Students are required to have their camera on at all times during the class, unless they have an explicit exception approved by their parent or legal guardian.

Our technology requirements are similar to that of most Online classes.

A desktop or laptop computer running Windows (PC), Mac OS (Mac), or Chrome OS (Chromebook).
Students must be able to run a Zoom Client.
A working microphone, speaker, webcam, and an external mouse.
A high-speed internet connection with at least 15mbps download speed (check your Internet speed).

This course includes several timed tests where you will be asked to complete a given number of questions within a 1-3 hour time limit. These tests are designed to keep you competitively prepared but you can take them as often as you like. We do not proctor these exams, neither do we require that you install special lockdown browser.
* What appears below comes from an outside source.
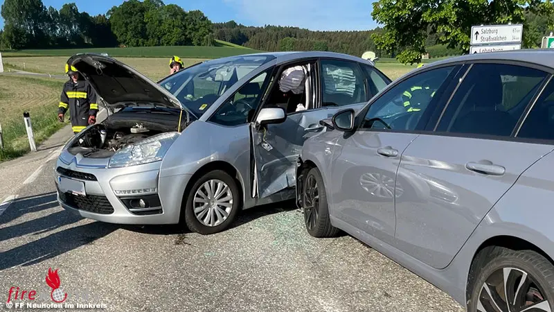 Oö: Bergungsarbeiten nach Pkw-Unfall auf Kreuzung in Neuhofen im Innkreis

In today's environment, when students have access to multiple devices, most attempts to avoid cheating in online exams are symbolic. Our exams are meant to encourage you to learn and push yourself using an honor system.

We do assign a grade at the end of the year based on a number of criteria which includes class participation, completion of assignments, and performance in the tests. We do not reveal the exact formula to minimize students' incentive to optimize for a higher grade.

We believe that your grade in the course should reflect how well you have learnt the skills, and a couple of timed-tests, while traditional, aren't the best way to evaluate your learning.